Bunker do Dio

Bunker do Dio

Share this post

Bunker do Dio
Bunker do Dio
Ponto de Virada: A bomba e a guerra fria

Ponto de Virada: A bomba e a guerra fria

Ou como entender que a humanidade caminha para inexoravelmente amar e rematar Clausewitz

Avatar de Dionisius Amendola
Dionisius Amendola
nov 19, 2024
∙ Pago
4

Share this post

Bunker do Dio
Bunker do Dio
Ponto de Virada: A bomba e a guerra fria
1
Compartilhar

Ponto de Virada: A bomba e a guerra fria - ou como entender que a humanidade caminha para inexoravelmente amar e rematar Clausewitz

A estreia da série documental Ponto da Virada: A Bomba e a Guerra Fria, do cineasta Brian Knappenberger, produção da Netflix, é um bom momento para educar aqueles que pouco ou nada conhecem dos percalços pelos quais o mundo passou ao longo dos anos da Guerra Fria. Dividida em nove episódios, Knappenberger apresenta imagens de arquivos, entrevistas com historiadores, políticos, ex-militares, dissidentes, jornalistas, especialistas em armamento nuclear, nacionalistas ucranianos e pessoas comuns para nos revelar a verdade que paira sobre nossas cabeças nesta segunda década do século XXI – mais uma vez, nunca estivemos tão próximos de rematar Clausewitz.
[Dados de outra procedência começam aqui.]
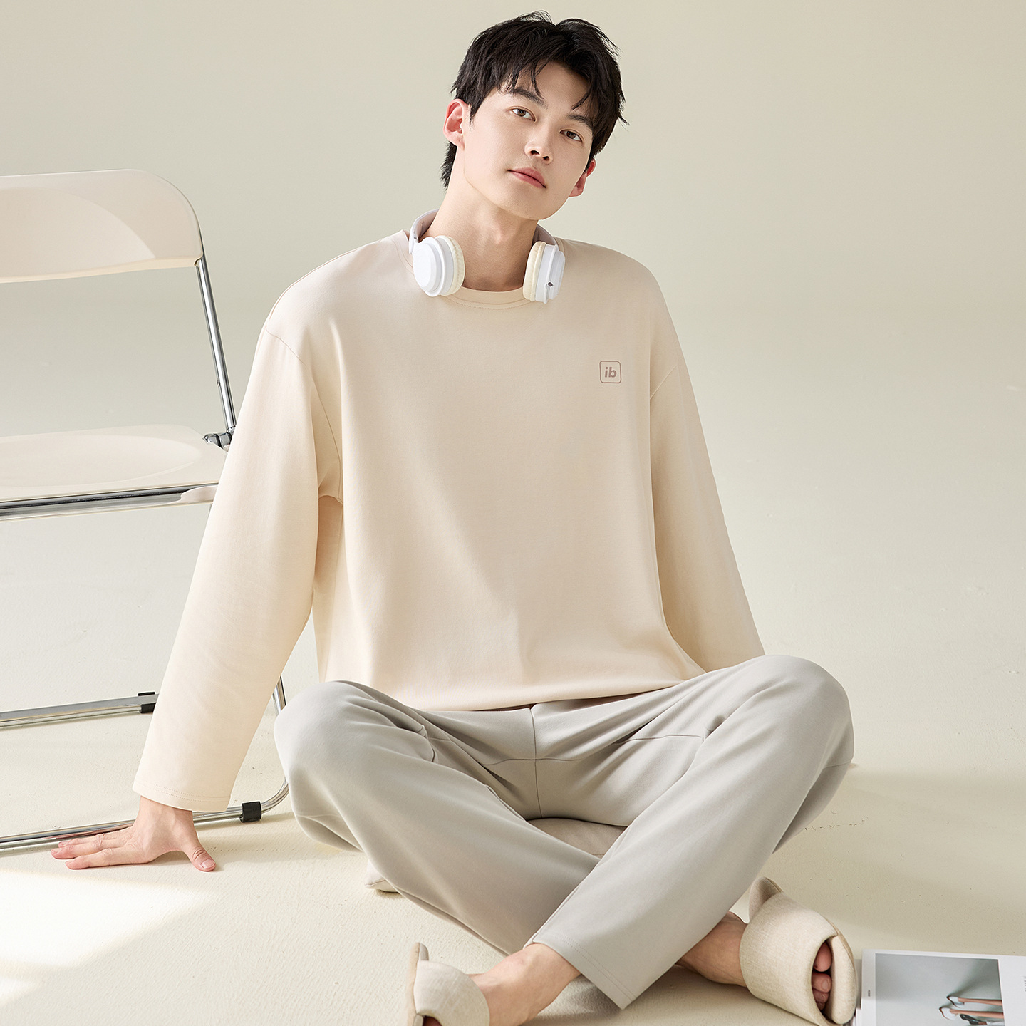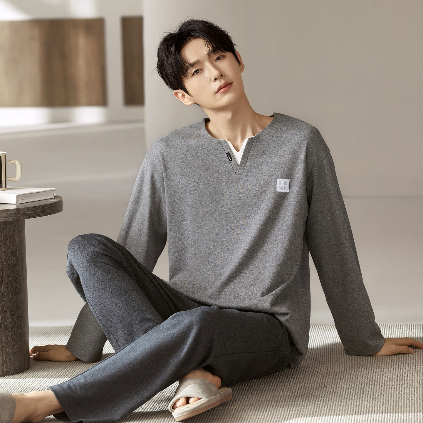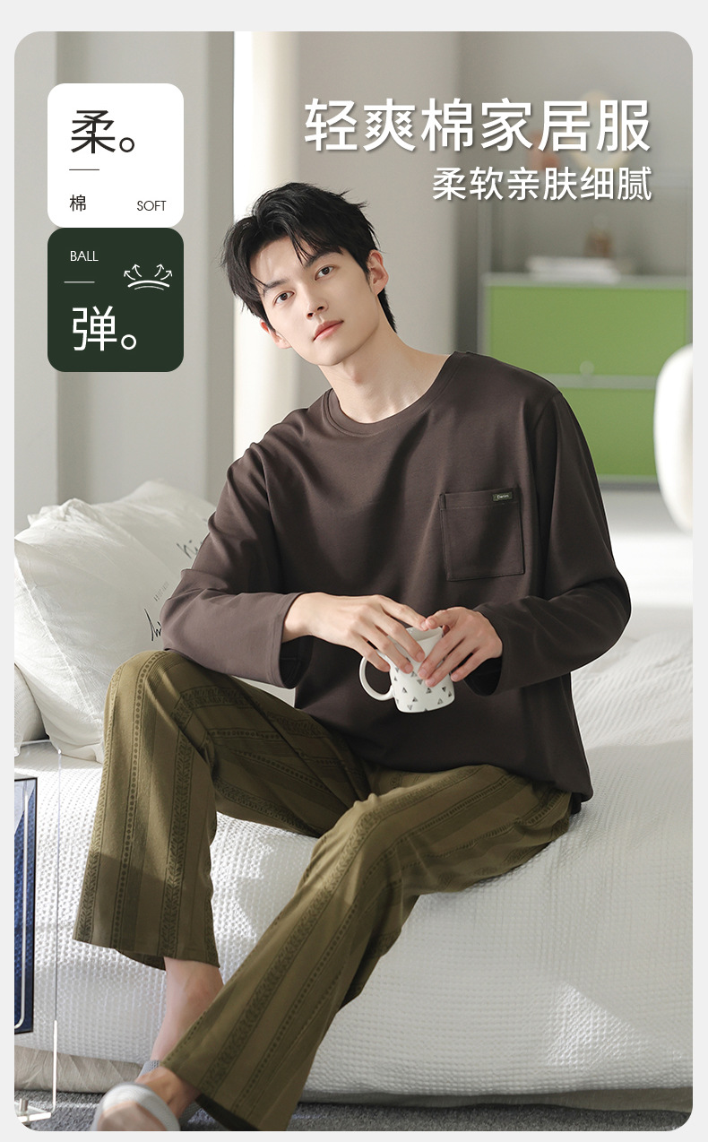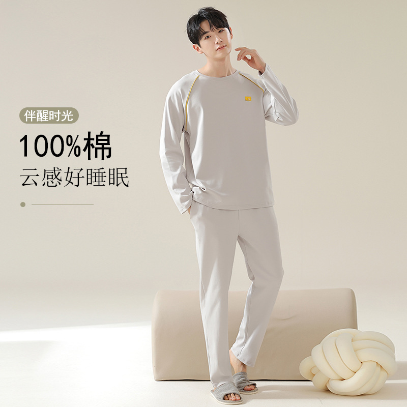 紧密纯棉睡衣男春秋季长袖长裤简约休闲风纯色男士大码家居服套装
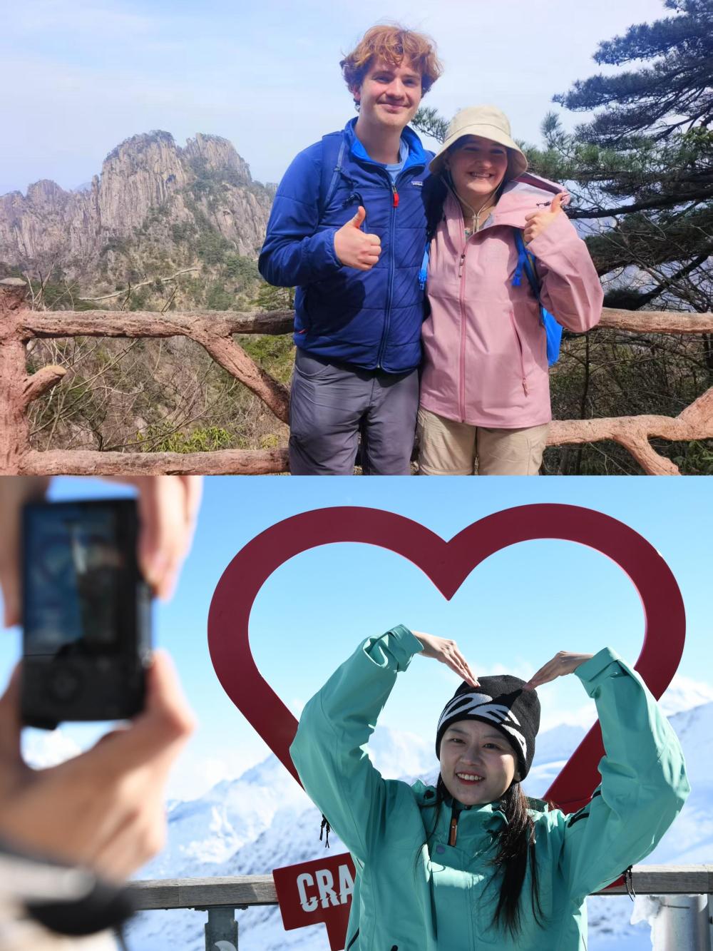 上图为2025年4月5日,两名外国游客在安徽省黄山风景区合影(新华社发 解传光 摄);下图为2025年9月27日,中国游客在海拔3475米的瑞士少女峰冰川观景台拍照留影(新华社记者 连漪 摄)。

Além das mencionadas entrevistas, muito do material com que Knappenberger trabalha foi garimpado em arquivos de imagens, cinejornais da época, documentos inéditos, material comum a muitos documentaristas, o que fazer com este material é que diferencia os grandes dos medianos. Apesar da grandiosidade apocalíptica do tema, o resultado final de Ponto da Virada: A Bomba e a Guerra Fria, é morno, ainda que tenha lá seus momentos de assombro. Talvez olhar para a obra de outros cine-documentaristas nos ajude a entender as qualidades e as fraquezas deste documentário.

** 

Esfir Chub nasceu e viveu sob o signo da revolução russa, e testemunhou uma época de convulsões sociais e políticas que até hoje reverberam no mundo. O império russo e sua dissolução, a formação da União Soviética, Nicolau II, Lênin e Stálin, a aristocracia, os revolucionários e os kulaks, a violência sem precedentes da Primeira Guerra Mundial e guerra civil que moldou o império soviético, tais são os personagens presentes na obra desta pioneira da arte do cinematógrafo. 

Nascida em 1894, Esther Il’inichna Shub ficou conhecida mundialmente como Esfir Chub, mas talvez mundialmente seja um exagero, visto que seu nome circula muito pouco fora dos círculos cinéfilos mais diligentes, situação que começa a se corrigir no Brasil graças ao lançamento de Minha vida é o cinema (em plano fechado), autobiografia da cineasta russa que agora é publicada no Brasil pela editora Kinoruss.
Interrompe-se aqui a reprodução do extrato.